[Task]
Would you reproduce the data below exactly, please, leaving out its images?

[Given material]
—————

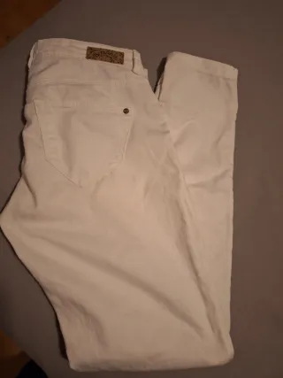 Pantalón vaquero de color blanco de la marca Bershka. - Talla 38.
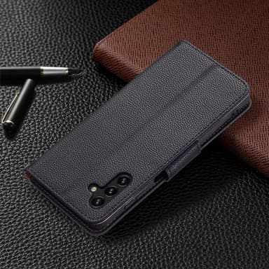Ensiluokkainen PU-nahkainen lompakkokotelo, jossa on korttipaikat.
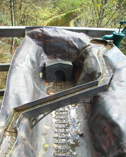 das mittlerweile etwas baufällige und teilweise undichte Aquädukt für den Krenkelbach

—————

[Completed task]
 Pantalón vaquero de color blanco de la marca Bershka. - Talla 38.
Ensiluokkainen PU-nahkainen lompakkokotelo, jossa on korttipaikat.
 das mittlerweile etwas baufällige und teilweise undichte Aquädukt für den Krenkelbach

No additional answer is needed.